LLM outputs are rarely right or wrong in that clean sense. "Is this answer helpful?" involves subjectivity, context, and often requires domain expertise to judge. "Is this code correct?" is closer to deterministic but still requires execution and edge case analysis.
Three reasons teams skip eval and regret it:
1. **The vibes-based iteration trap.** You make a change to your prompt or retrieval pipeline. You manually test 5 queries and it seems better. You deploy. Three weeks later users are complaining about something that regressed. You have no data on when it broke or what caused it.
2. **The eval feels like more work than the product.** Building a proper eval dataset takes time. This is true. But a team without eval will spend 3x more time debugging production regressions than a team that invested in eval upfront.
3. **Nobody tells you how to do it.** Most tutorials show you how to build the thing but not how to measure if it works. This file is trying to fix that.
---
## The Eval Landscape: What You're Actually Measuring
Not all evals are created equal. Here's how to think about the different types.
```mermaid
graph TB
subgraph Offline Evals
A[Evaluation Type] --> B[Component Evals\nDoes retrieval find the right docs?\nDoes the LLM follow instructions?]
A --> C[Task Evals\nDoes the full pipeline answer correctly?\nDoes the agent complete the task?]
A --> D[Regression Evals\nDid a change break anything that worked before?]
end
subgraph Online Evals
A --> E[User Feedback\nThumbsup/thumbsdown, edits, follow-up questions]
A --> F[Behavioral Metrics\nTask completion rate, escalation rate, session length]
A --> G[Model-Based Monitoring\nLLM-as-judge on production samples]
end
```
| Eval Type | When to Run | What It Catches | Cost | Speed |
|---|---|---|---|---|
| Component (retrieval) | Every code change | Retrieval regressions | Low | Fast |
| Component (generation) | Every code/prompt change | Prompt regressions | Medium | Medium |
| Task (e2e) | Every deployment | System-level failures | High | Slow |
| Regression (golden set) | Every deployment | "Did we break X?" | Medium | Medium |
| User feedback (online) | Continuously | Real-world failures | Low | Real-time |
| LLM-as-judge (online) | On production samples | Quality trends | Medium | Near real-time |
My recommendation: start with offline component evals and a small golden dataset.

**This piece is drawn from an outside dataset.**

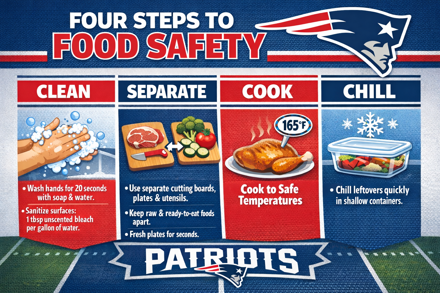 Whether you're cheering Maye's deep ball or Seattle's "Dark Side" defense, prioritizing food safety ensures your party ends in victory — not a timeout on the couch. For questions, call the USDA Meat and Poultry Hotline at 1-888-MPHotline.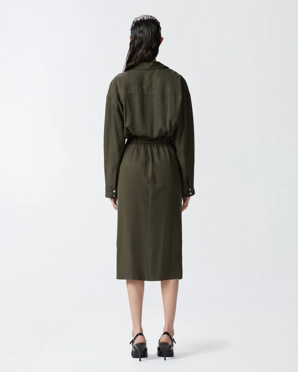 Abito Pinko dalla linea chemisier in tessuto twill lyocell morbido e confortevole.

Add online monitoring once you have production traffic. Don't try to build everything at once.
---
## The Golden Dataset: Your Most Valuable Asset
A golden dataset is a curated collection of (input, expected_output) pairs where you're confident the expected output is correct. This is your eval foundation.
**How to build one:**
1. **Start with real user queries.** The first 50-100 things real users asked your system are more valuable than any synthetic dataset.
2. **Add adversarial examples.** Edge cases, ambiguous queries, things that broke in the past.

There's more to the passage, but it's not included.